▶ _Work to complete_
Below are lines of data; restate word for word those running from the line containing "Gladstone is pleased" to the line containing "Photograph looking west", inclusive, and no others.

▶ _Data for processing_

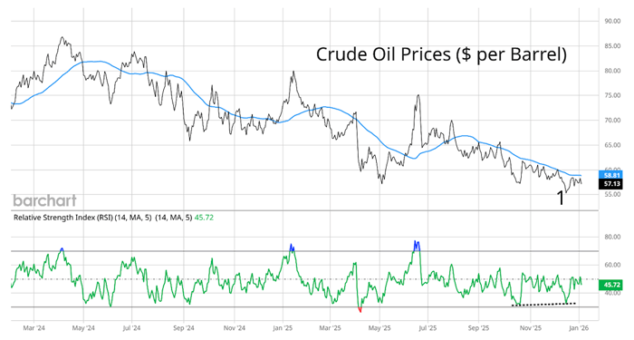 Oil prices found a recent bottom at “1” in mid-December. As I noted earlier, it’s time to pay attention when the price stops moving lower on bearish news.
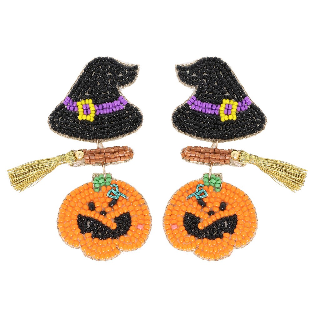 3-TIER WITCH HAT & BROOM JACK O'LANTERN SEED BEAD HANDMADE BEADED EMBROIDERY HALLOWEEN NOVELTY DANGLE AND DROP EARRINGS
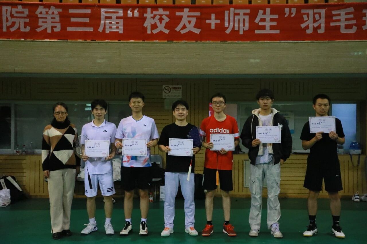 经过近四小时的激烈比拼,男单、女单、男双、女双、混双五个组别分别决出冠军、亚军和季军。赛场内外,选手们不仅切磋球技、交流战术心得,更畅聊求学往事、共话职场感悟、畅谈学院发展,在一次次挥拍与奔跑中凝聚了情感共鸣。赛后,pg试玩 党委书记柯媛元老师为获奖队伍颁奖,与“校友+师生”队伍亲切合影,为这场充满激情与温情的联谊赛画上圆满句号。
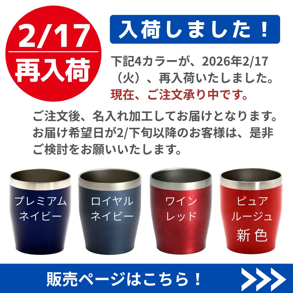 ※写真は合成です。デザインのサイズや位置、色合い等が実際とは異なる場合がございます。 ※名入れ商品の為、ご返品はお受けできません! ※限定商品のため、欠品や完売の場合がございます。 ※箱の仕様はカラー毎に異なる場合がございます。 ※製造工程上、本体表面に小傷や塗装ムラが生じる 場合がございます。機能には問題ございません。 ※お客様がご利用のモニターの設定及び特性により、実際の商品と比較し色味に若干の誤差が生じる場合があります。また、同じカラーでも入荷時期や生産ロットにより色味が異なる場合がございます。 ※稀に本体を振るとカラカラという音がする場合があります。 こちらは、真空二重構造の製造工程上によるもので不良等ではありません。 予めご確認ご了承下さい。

---

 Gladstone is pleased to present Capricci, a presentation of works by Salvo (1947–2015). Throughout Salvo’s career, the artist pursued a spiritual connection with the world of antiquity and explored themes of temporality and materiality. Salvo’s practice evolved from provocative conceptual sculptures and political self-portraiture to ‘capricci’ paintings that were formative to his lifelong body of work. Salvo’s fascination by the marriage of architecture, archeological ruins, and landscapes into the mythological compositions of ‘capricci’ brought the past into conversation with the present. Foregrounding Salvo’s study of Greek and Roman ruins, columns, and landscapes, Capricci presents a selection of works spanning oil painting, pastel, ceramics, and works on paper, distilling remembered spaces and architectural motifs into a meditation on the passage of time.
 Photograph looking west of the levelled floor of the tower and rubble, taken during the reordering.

--

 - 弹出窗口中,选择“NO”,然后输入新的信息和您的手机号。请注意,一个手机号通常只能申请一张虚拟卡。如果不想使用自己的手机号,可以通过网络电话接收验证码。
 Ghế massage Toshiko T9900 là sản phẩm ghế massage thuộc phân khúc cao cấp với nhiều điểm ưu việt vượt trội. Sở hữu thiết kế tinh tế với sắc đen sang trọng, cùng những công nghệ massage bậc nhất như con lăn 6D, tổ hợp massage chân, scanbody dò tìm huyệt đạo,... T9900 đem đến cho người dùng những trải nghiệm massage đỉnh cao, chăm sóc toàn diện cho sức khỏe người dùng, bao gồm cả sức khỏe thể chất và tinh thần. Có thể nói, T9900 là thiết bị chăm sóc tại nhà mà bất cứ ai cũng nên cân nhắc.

▶ _Exercise solution_
 Gladstone is pleased to present Capricci, a presentation of works by Salvo (1947–2015). Throughout Salvo’s career, the artist pursued a spiritual connection with the world of antiquity and explored themes of temporality and materiality. Salvo’s practice evolved from provocative conceptual sculptures and political self-portraiture to ‘capricci’ paintings that were formative to his lifelong body of work. Salvo’s fascination by the marriage of architecture, archeological ruins, and landscapes into the mythological compositions of ‘capricci’ brought the past into conversation with the present. Foregrounding Salvo’s study of Greek and Roman ruins, columns, and landscapes, Capricci presents a selection of works spanning oil painting, pastel, ceramics, and works on paper, distilling remembered spaces and architectural motifs into a meditation on the passage of time.
 Photograph looking west of the levelled floor of the tower and rubble, taken during the reordering.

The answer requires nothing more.